For small data sets, which are common when using our Docker solution, the number of Solr items is unlikely to approach the 2-billion-record limit. In most cases, reducing the number of indexed items is unnecessary, and full indexing of all possible qualifiers is feasible without issue.

Note

By default, annotation and marker qualifiers that can be parsed as a number are not indexed for search.

If your data set contains hundreds of map sets and the features have multiple qualifiers, it makes sense to limit the indexed objects. To minimize the index size, you can use two methods:

  • mask some of the tracks from indexing.
  • specify qualifiers that must be ignored or indexed by providing QualifierFilters.

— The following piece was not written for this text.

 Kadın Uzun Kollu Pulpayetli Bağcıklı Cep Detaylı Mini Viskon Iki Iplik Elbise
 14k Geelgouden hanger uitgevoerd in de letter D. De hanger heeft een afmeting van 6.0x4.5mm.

The node QualifierFilter defines the rules for the qualifiers to be included into or excluded from the index. The order of the rules is important - the later records have priority. To index just a few designated qualifiers and avoid indexing the rest, first, disable indexing for all qualifiers for specific feature types. For example, to stop indexing marker qualifiers use this:

<QualifierFilter Type="MARKER" Indexing="false" />

After this, explicitly list the qualifiers that need to be indexed, for example:

<QualifierFilter Type="MARKER" Name="CLNDN" Indexing="true"/>

The instruction above turns the indexing on for the marker qualifier "CLNDN".

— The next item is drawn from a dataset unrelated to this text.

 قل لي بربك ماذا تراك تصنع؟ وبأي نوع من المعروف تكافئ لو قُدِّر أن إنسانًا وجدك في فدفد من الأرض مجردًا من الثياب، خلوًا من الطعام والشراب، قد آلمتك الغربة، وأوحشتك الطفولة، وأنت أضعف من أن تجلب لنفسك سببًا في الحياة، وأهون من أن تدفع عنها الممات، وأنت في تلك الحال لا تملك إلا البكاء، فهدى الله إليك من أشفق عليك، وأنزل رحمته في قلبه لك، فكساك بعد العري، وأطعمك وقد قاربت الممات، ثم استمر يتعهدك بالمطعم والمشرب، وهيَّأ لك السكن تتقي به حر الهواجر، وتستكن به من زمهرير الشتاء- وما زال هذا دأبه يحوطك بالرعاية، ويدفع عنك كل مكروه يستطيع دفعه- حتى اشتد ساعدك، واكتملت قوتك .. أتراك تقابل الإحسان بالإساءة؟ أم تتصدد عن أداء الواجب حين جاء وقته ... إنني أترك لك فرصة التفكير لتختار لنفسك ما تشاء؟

Accordingly, if you want to index all qualifiers except some, first, allow the indexing for all qualifiers and then set Indexing to off for the selected ones.

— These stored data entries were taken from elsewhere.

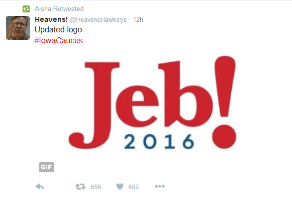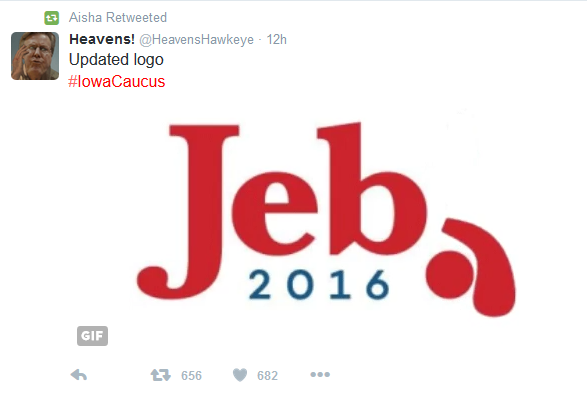 Jeb Bush spent the most amount in Iowa, $15,000,000, but received one of the lowest percentage of votes (3%). Please see the June 16, 2015 article: Jeb Bush Is Running For President But Has The Bush Family Really Been Good For America And The World. Side Bar: Never let the internet see you fail (LOL). Presidential candidate, Jeb Bush, brother of former U.S. President, George W. Bush, was the recipient of the most cutting tweet of the night on Twitter.com, when his logo that contained an exclamation point was turned into a flaccid penis (I laughed at this so much my stomach started to hurt LOL):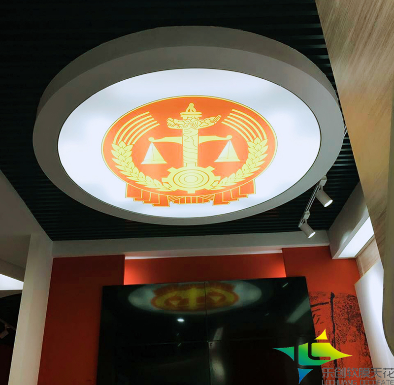 祝賀我公司泰安高鐵法院軟膜天花項目完工,高鐵法院軟膜天花安裝,采用我公司高清噴繪膜,噴繪法院徽標,結合白色透光燈帶,營(yíng)造一個(gè)莊嚴的法院環(huán)境,感謝客戶(hù)對樂(lè )創(chuàng )品牌軟膜天花的認可。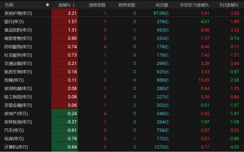 新旧大消费“抬头”,美容护理板块涨逾3%,食品饮料、商贸零售、纺织服饰逆市飘红,银行、券商股亦护盘。

<QualifierFilter Type="MARKER" Name="alleles" Indexing="false"/>

A general format for the QualifierFilter is: 

<QualifierFilter Type="{ANNOT/MARKER/empty}" Name="{qualname/empty}" Indexing="{true/false}" FloatingPoint="{true/empty}" Integer="{true/empty}" />

Use the command 'list marker_qualifier' or 'list annotation_qualifier' to see the values stored under particular qualifiers. This will help you decide whether the indexing of some qualifiers can be skipped. The command 'list qualifier_filter' will show the filtering rules.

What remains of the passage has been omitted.